It is to be appreciated that the application definition 200 and the configuration source 300 shown in FIGS. 2 and 3, respectively, are provided merely as examples and should not be interpreted as being provided to limit the scope of other example embodiments contemplated by this disclosure. For example, other example embodiments may use application definitions that specify more or less property definitions in any number of different formats.
Example embodiments may use the application definition 200 and the configuration source 300 shown in FIGS. 2 and 3, respectively, to generate configuration data, such as the compiled configuration file 112 shown in FIG. 1. FIG. 4 is a diagram illustrating an example of a compiled configuration file 400, according to an example embodiment. As discussed above, a compiled configuration file 400 may be data consumed by an application as part of application start-up or deployment to set-up the run-time environment. As shown in FIG. 4, the compiled configuration file 400 may include a configuration component 402. The configuration component 402 may be a section in the configuration data 400 that includes one or more configuration properties, such as configuration properties 404 a-c.
Each of the configuration properties 404 a-c may specify a configuration value for a configurable aspect of the application or the operational environment of the fabric which executes the application. In some cases, a configuration property may specify the configuration value for the configurable aspect through a key value pair. For example, the configuration property 404 a includes a name attribute 422 (e.g., the key) and a value attribute 424 (e.g., the value). The configuration compiler 102 may generate the configuration property 404 a based on the property definition 204 c specified by the application definition 200 of FIG. 2 and the value attribute 308 specified by the property source 304 specified by the source application 300 of FIG. 3. It is to be appreciated that the property source 304 may override the property definition 204 c because the property definition 304 and the property definition 204 c share the same name (name attribute 306 matches name attribute 262).
With continued reference to FIG. 4, the configuration compiler 102 may generate the configuration property 404 b based on the property definition 204 a specified by the application definition 200 of FIG. 2. That is, the name attribute 442 and the value attribute 444 are assigned values specified by the name attribute 222 and the default value attribute 224. It is to be appreciated that because the configuration source 300 of FIG. 3 lacks a property source with a name attribute matching the name attribute 222 of application definition 200, the default value attribute 224 is not overridden.

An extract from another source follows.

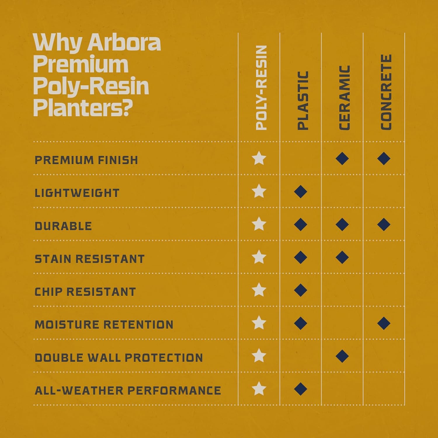 • Weatherproof & Durable - Constructed with resilient resin, Arbora pots are weatherproof and fade-resistant, maintaining their integrity season after season. Featuring double-walled insulation, experience superior plant protection in any weather.

Thus, the configuration property 402 b is assigned a value specified by the default value attribute 224.
Still further, with continued reference to FIG. 4, the configuration compiler 102 may generate the configuration property 404 c based on the property definition 204 b specified by the application definition 200 of FIG. 2. That is, the name attribute 462 and the value attribute 464 are assigned values specified by the name attribute 242 and the default value attribute 246. It is to be appreciated that because the configuration source 300 of FIG. 3 lacks a property definition with a name attribute matching the name attribute 242 of application definition 200, the default value attribute 264 is not overridden. Thus, the configuration property 402 c is assigned a value specified by the default value attribute 246.
The operation of the configuration compiler 102 is now described in greater detail. FIG. 5 is a flow chart illustrating a method 500 for compiling a configuration source, according to an example embodiment. The method 500 may be performed by the configuration compiler 102 and, accordingly, is described herein, merely by way of example, with reference thereto. However, it will be appreciated that the method 500 may be performed on any suitable hardware. The method 500 may also be performed by operating on the application definition 200 and the configuration source 300 shown in FIGS. 2-3, respectively, and, accordingly, is described herein merely by way of reference thereto. However, it will be appreciated that the method 500 may be performed on any other suitable data structure.
The method 500 may begin at operation 502 when the configuration compiler 102 accesses an application definition (e.g., the application definition 200 of FIG. 2) from the configuration repository 106 during the compilation of a configuration source (e.g., the configuration source 300 of FIG. 3). In some embodiments, the operation 502 may be performed as part of a process of generating a compiled configuration file usable to configure an application hosted on one of the fabrics 104 a-c, or in preparation thereof.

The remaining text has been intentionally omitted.